- [Exercise objective]: When the data below is printed, every line must match exactly and the images must be absent.

- [Raw data]:
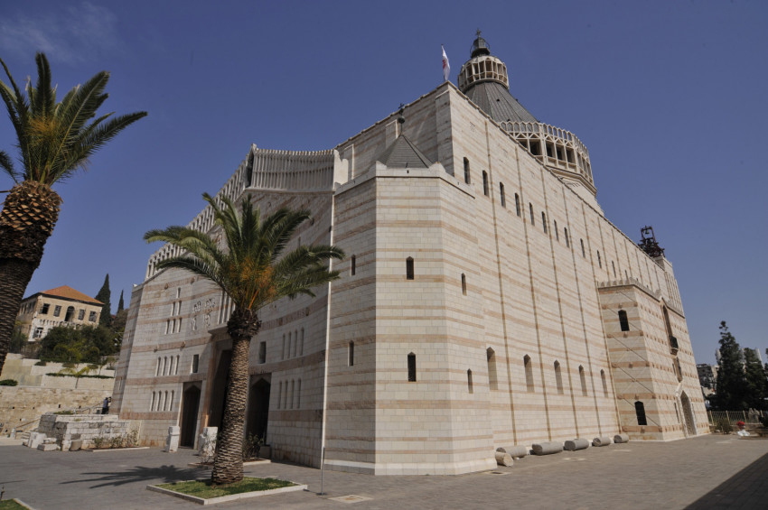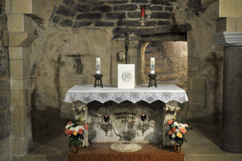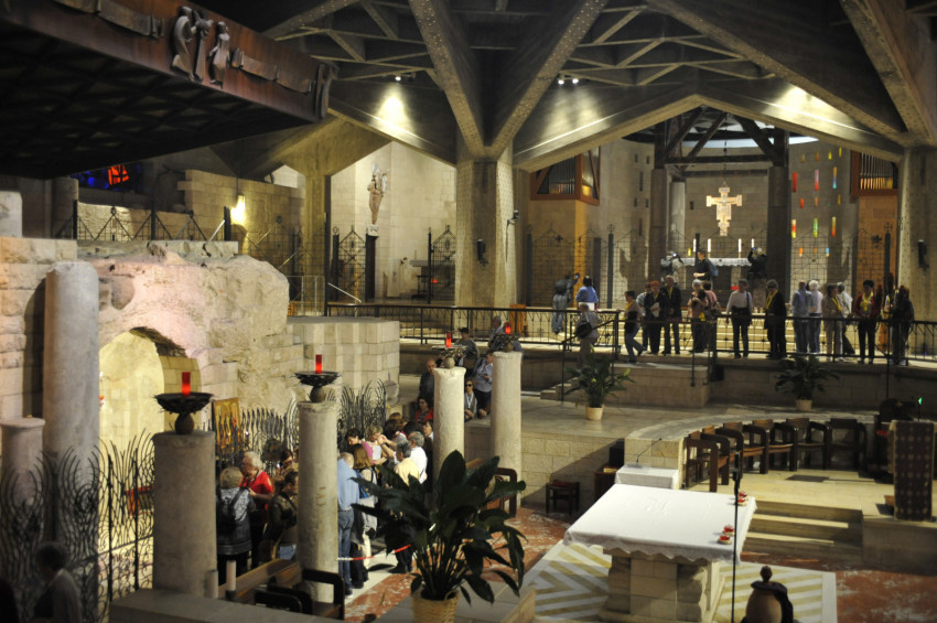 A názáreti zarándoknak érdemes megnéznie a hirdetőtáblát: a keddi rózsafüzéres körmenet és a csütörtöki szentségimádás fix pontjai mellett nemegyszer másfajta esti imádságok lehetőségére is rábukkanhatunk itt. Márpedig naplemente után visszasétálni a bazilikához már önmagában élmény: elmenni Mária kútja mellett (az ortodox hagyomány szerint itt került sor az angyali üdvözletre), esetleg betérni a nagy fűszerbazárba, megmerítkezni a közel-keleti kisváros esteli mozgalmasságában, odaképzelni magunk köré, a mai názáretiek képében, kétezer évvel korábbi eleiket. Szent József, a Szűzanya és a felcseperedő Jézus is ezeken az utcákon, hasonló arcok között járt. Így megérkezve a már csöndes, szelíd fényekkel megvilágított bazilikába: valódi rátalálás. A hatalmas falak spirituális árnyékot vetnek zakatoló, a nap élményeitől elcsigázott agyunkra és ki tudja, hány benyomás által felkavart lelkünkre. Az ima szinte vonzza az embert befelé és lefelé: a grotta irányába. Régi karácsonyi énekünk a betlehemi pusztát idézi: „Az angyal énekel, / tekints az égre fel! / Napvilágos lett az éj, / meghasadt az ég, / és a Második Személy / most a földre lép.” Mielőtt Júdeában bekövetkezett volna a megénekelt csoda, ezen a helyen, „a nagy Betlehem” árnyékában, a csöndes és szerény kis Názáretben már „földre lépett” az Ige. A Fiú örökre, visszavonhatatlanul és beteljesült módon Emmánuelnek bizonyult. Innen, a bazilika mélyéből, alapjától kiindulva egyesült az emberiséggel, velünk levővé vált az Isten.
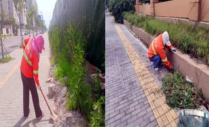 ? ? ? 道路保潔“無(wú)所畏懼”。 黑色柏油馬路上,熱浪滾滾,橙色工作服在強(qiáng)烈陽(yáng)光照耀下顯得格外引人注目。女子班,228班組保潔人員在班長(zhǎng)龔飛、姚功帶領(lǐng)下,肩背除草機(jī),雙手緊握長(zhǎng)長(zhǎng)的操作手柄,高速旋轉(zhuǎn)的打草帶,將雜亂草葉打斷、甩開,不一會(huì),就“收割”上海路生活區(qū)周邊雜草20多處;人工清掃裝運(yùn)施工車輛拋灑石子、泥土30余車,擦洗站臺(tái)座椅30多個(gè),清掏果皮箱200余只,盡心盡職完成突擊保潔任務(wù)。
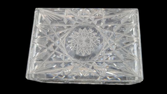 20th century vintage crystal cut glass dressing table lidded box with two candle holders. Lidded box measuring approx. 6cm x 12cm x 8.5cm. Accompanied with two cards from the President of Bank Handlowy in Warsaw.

- [The answer]:
 A názáreti zarándoknak érdemes megnéznie a hirdetőtáblát: a keddi rózsafüzéres körmenet és a csütörtöki szentségimádás fix pontjai mellett nemegyszer másfajta esti imádságok lehetőségére is rábukkanhatunk itt. Márpedig naplemente után visszasétálni a bazilikához már önmagában élmény: elmenni Mária kútja mellett (az ortodox hagyomány szerint itt került sor az angyali üdvözletre), esetleg betérni a nagy fűszerbazárba, megmerítkezni a közel-keleti kisváros esteli mozgalmasságában, odaképzelni magunk köré, a mai názáretiek képében, kétezer évvel korábbi eleiket. Szent József, a Szűzanya és a felcseperedő Jézus is ezeken az utcákon, hasonló arcok között járt. Így megérkezve a már csöndes, szelíd fényekkel megvilágított bazilikába: valódi rátalálás. A hatalmas falak spirituális árnyékot vetnek zakatoló, a nap élményeitől elcsigázott agyunkra és ki tudja, hány benyomás által felkavart lelkünkre. Az ima szinte vonzza az embert befelé és lefelé: a grotta irányába. Régi karácsonyi énekünk a betlehemi pusztát idézi: „Az angyal énekel, / tekints az égre fel! / Napvilágos lett az éj, / meghasadt az ég, / és a Második Személy / most a földre lép.” Mielőtt Júdeában bekövetkezett volna a megénekelt csoda, ezen a helyen, „a nagy Betlehem” árnyékában, a csöndes és szerény kis Názáretben már „földre lépett” az Ige. A Fiú örökre, visszavonhatatlanul és beteljesült módon Emmánuelnek bizonyult. Innen, a bazilika mélyéből, alapjától kiindulva egyesült az emberiséggel, velünk levővé vált az Isten.
 ? ? ? 道路保潔“無(wú)所畏懼”。 黑色柏油馬路上,熱浪滾滾,橙色工作服在強(qiáng)烈陽(yáng)光照耀下顯得格外引人注目。女子班,228班組保潔人員在班長(zhǎng)龔飛、姚功帶領(lǐng)下,肩背除草機(jī),雙手緊握長(zhǎng)長(zhǎng)的操作手柄,高速旋轉(zhuǎn)的打草帶,將雜亂草葉打斷、甩開,不一會(huì),就“收割”上海路生活區(qū)周邊雜草20多處;人工清掃裝運(yùn)施工車輛拋灑石子、泥土30余車,擦洗站臺(tái)座椅30多個(gè),清掏果皮箱200余只,盡心盡職完成突擊保潔任務(wù)。
 20th century vintage crystal cut glass dressing table lidded box with two candle holders. Lidded box measuring approx. 6cm x 12cm x 8.5cm. Accompanied with two cards from the President of Bank Handlowy in Warsaw.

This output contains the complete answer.